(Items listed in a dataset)
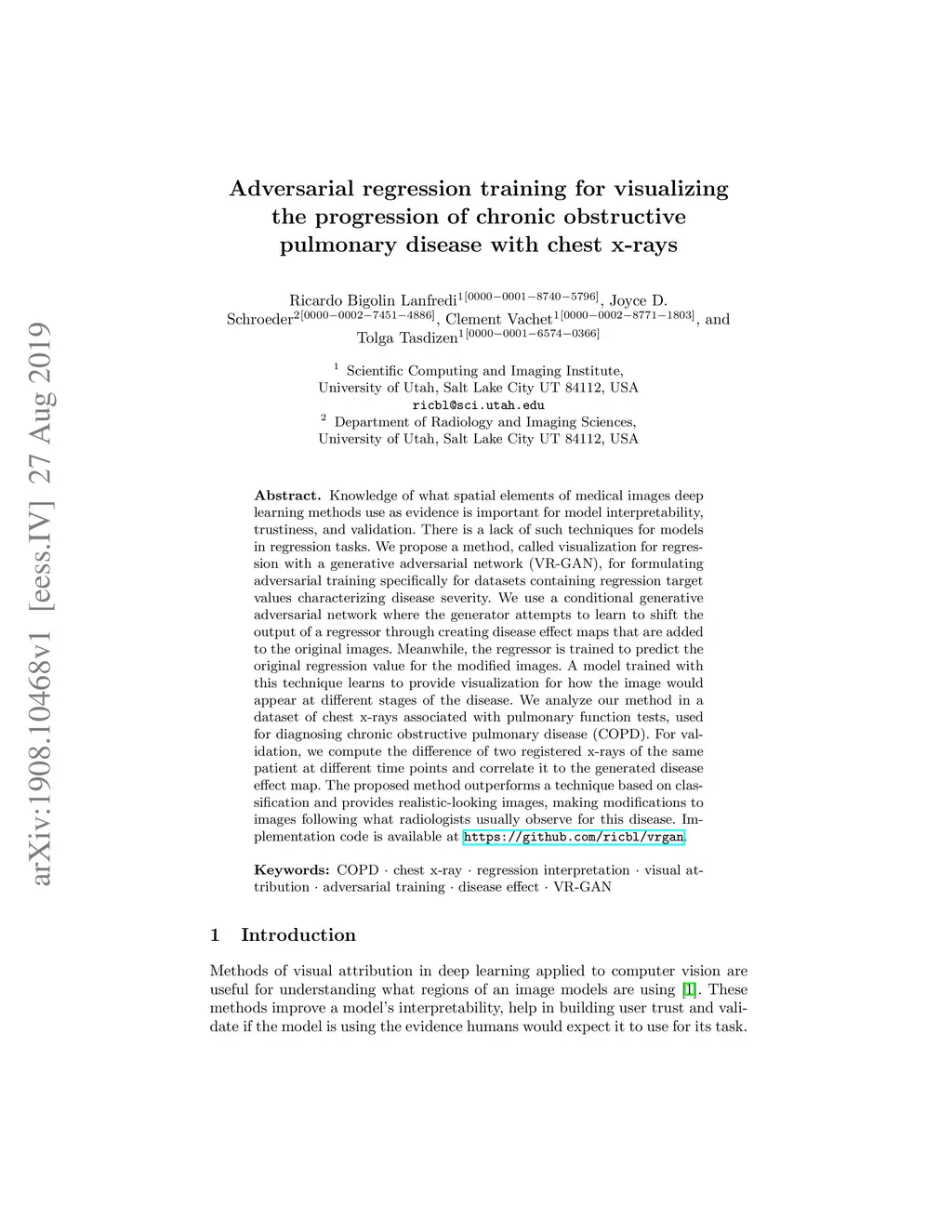 Knowledge of what spatial elements of medical images deep learning methods use as evidence is important for model interpretability, trustiness, and validation. There is a lack of such techniques for models in regression tasks. We propose a method, called visualization for regression with a generative adversarial network (VR-GAN), for formulating adversarial training specifically for datasets containing regression target values characterizing disease severity. We use a conditional generative adversarial network where the generator attempts to learn to shift the output of a regressor through creating disease effect maps that are added to the original images. Meanwhile, the regressor is trained to predict the original regression value for the modified images. A model trained with this technique learns to provide visualization for how the image would appear at different stages of the disease. We analyze our method in a dataset of chest x-rays associated with pulmonary function tests, used for diagnosing chronic obstructive pulmonary disease (COPD). For validation, we compute the difference of two registered x-rays of the same patient at different time points and correlate it to the generated disease effect map. The proposed method outperforms a technique based on classification and provides realistic-looking images, making modifications to images following what radiologists usually observe for this disease. Implementation code is available at https://github.com/ricbl/vrgan.
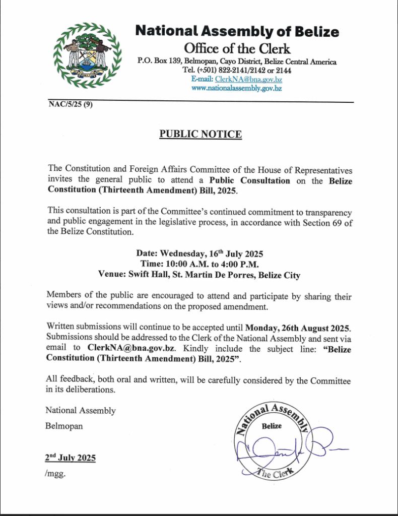 Public Notice – Public Consultation on the Belize Constitution (Thirteenth Amendment) Bill, 2025
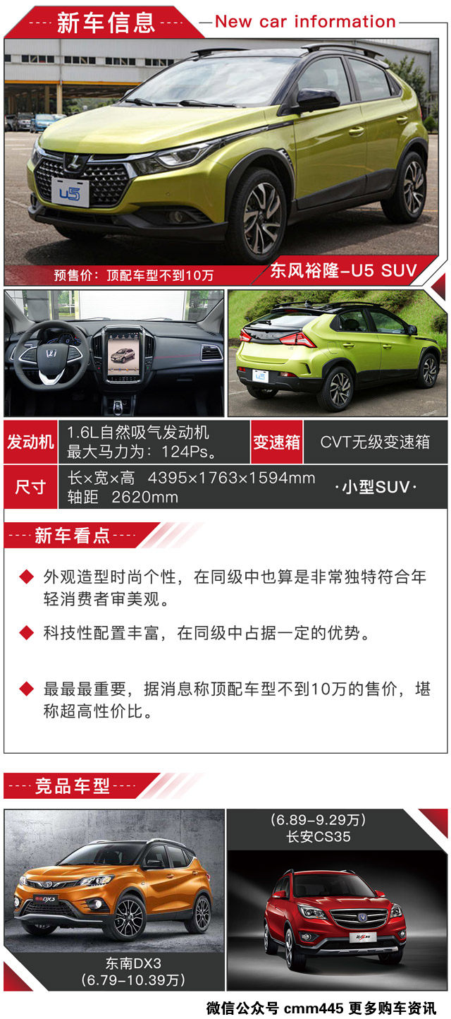 纳智捷U5 SUV最大亮点就在于外观造型非常个性独特,很抢眼,有一种过目不忘的感觉,其次科技性配置非常丰富,相信很多年轻消费者都会爱上这一款车。这款纳智捷全新小型SUV将会在8月25日成都车展开启预售,10月16日正式上市,值得一说是,顶配车型售价将在10万以下,相当接地气,相信这款全新SUV能为纳智捷重造辉煌!
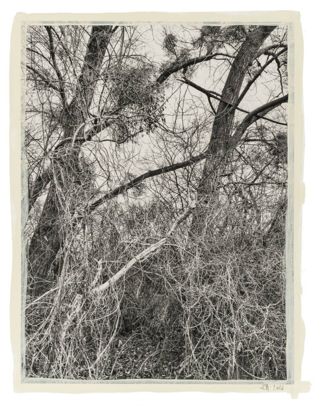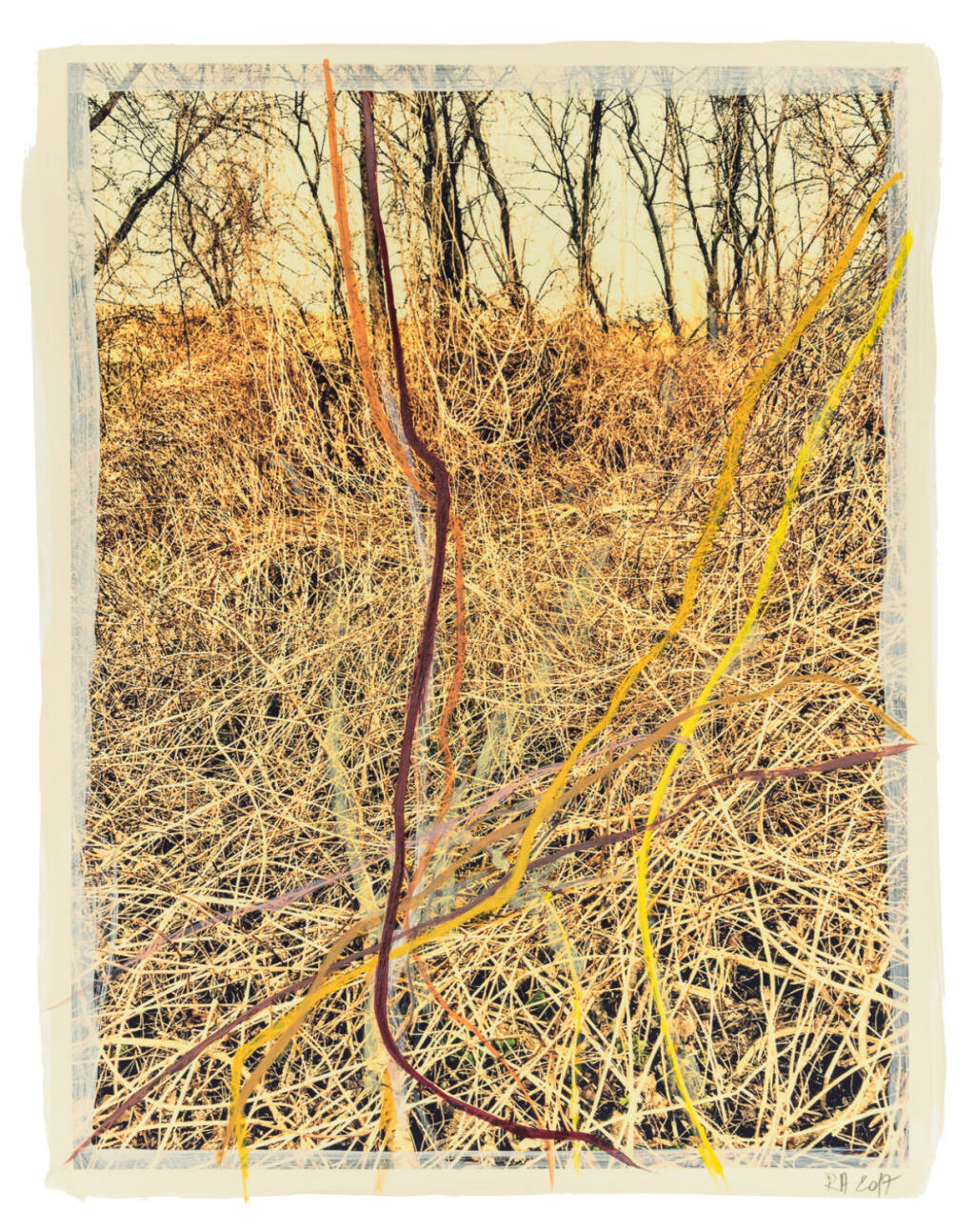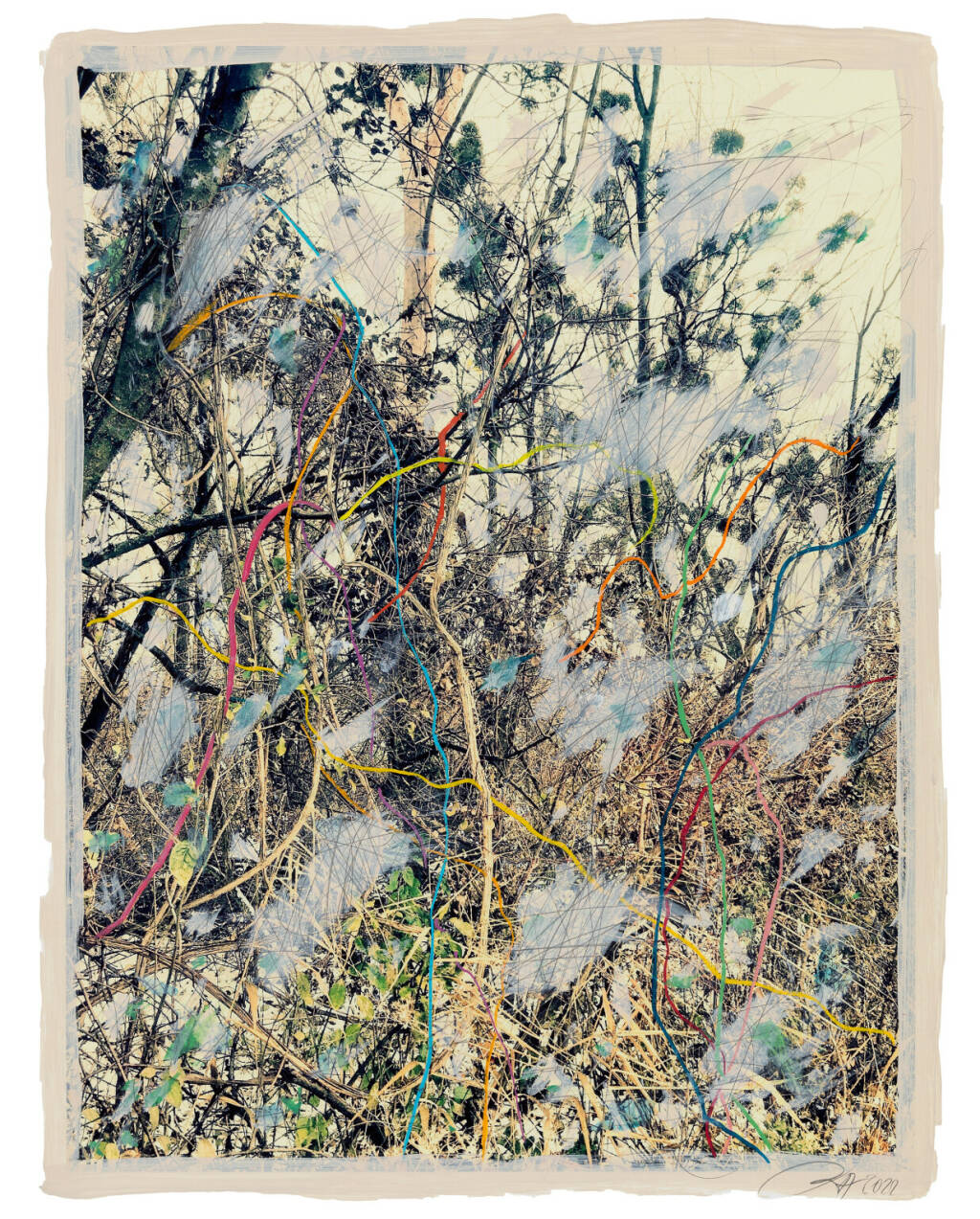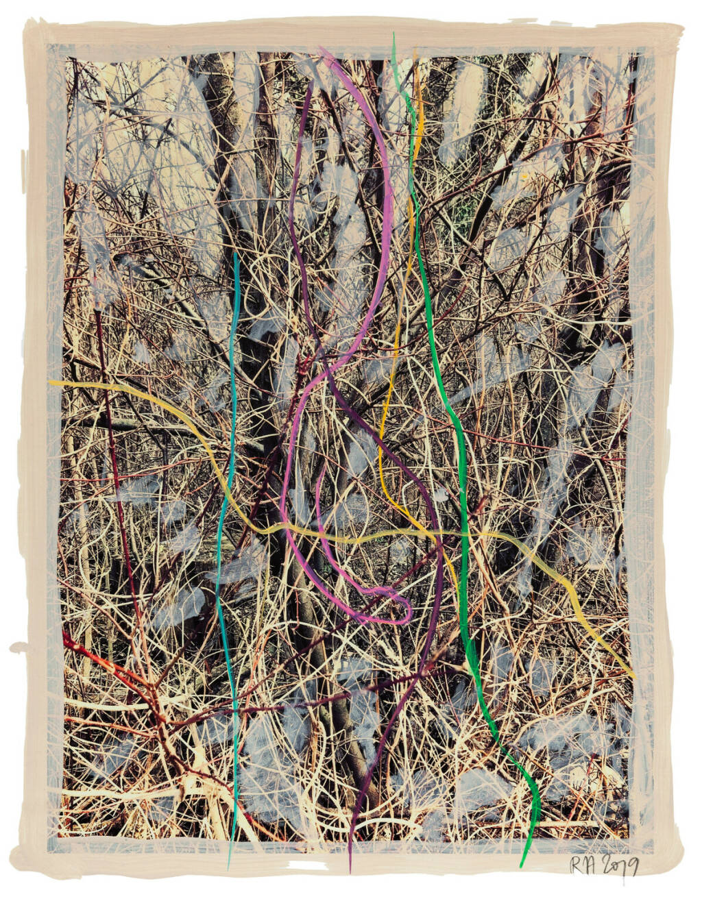 Regina Anzenberger Roots & Bonds V, 2016-2017 mixed media, photographic pigment print on Hahnemuehle PhotoRag Ultra Smooth, mounted on archival carton, acrylic painting, framed, museum glass, 70 % UV-protected (sold out), for the edition of 5 + II: pigment print on Hahnemuehle PhotoRag Ultra Smooth, not framed, 100 x 130 cm
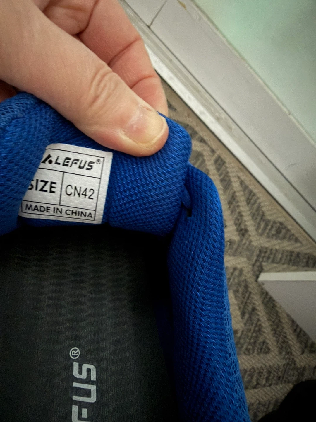 LEFUS blue athletic shoes with a CN42 size. These shoes have a mesh and synthetic upper with a rubber sole. They're designed for athletic activities.
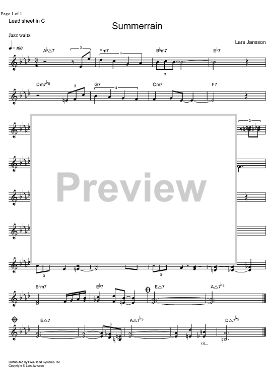 Digital Sheet Music for Summerrain - C Instruments by Lars Jansson scored for Lead Sheet; id:332287
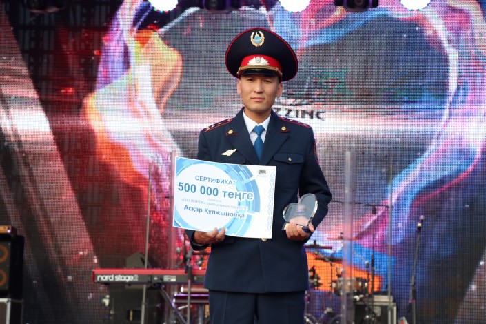 Еще одну премию "Iзгi жүрек" вручили участковому из Усть-Каменогорска Аскару Кулжынову, который вытащил из реки женщину, спрыгнувшую с моста.
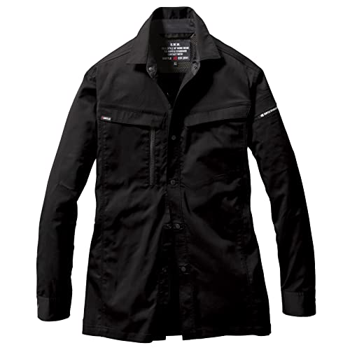 バートルの長袖シャツ6215は、ユニセックスでストレッチ性に優れ、春夏向けの薄地作業服です。リサイクル素材を使用し、SDGsに対応。帯電防止機能もあり、ストラップ付き。色は35-ブラックの3Lサイズ。
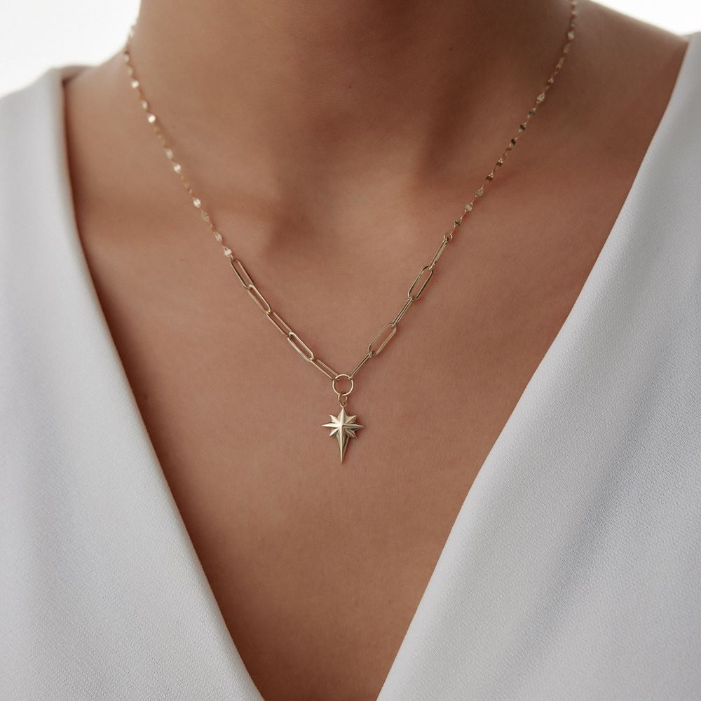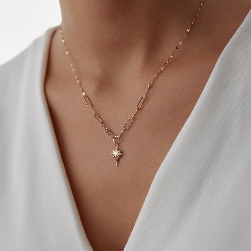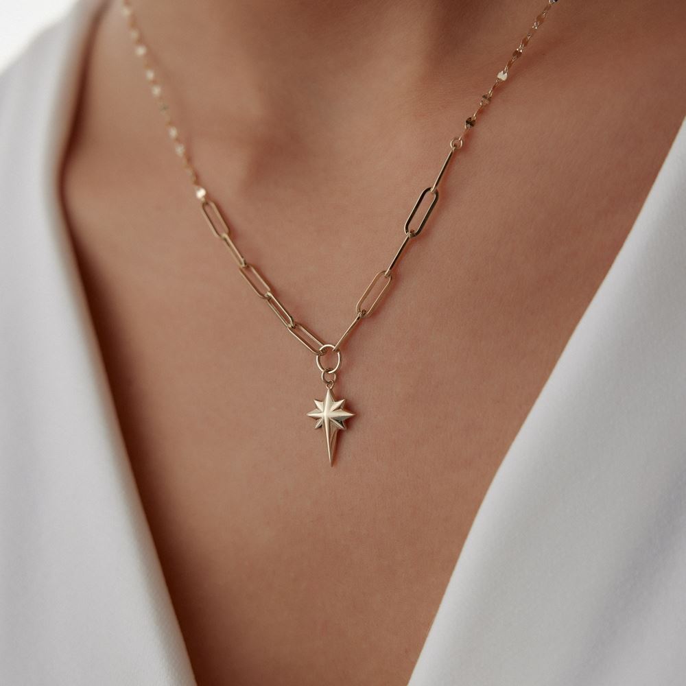 Kutup yıldız kolye, anlamlı tasarımı ve zarif detaylarıyla E-Goldia Jewellery koleksiyonunun gözde parçalarından.

[Your assignment]
Could you write out, word for word, the lines from the one containing "Digital Sheet Music" through the last line of the records, leaving out the pictures?

[Written solution]
 Digital Sheet Music for Summerrain - C Instruments by Lars Jansson scored for Lead Sheet; id:332287
 Еще одну премию "Iзгi жүрек" вручили участковому из Усть-Каменогорска Аскару Кулжынову, который вытащил из реки женщину, спрыгнувшую с моста.
 バートルの長袖シャツ6215は、ユニセックスでストレッチ性に優れ、春夏向けの薄地作業服です。リサイクル素材を使用し、SDGsに対応。帯電防止機能もあり、ストラップ付き。色は35-ブラックの3Lサイズ。
 Kutup yıldız kolye, anlamlı tasarımı ve zarif detaylarıyla E-Goldia Jewellery koleksiyonunun gözde parçalarından.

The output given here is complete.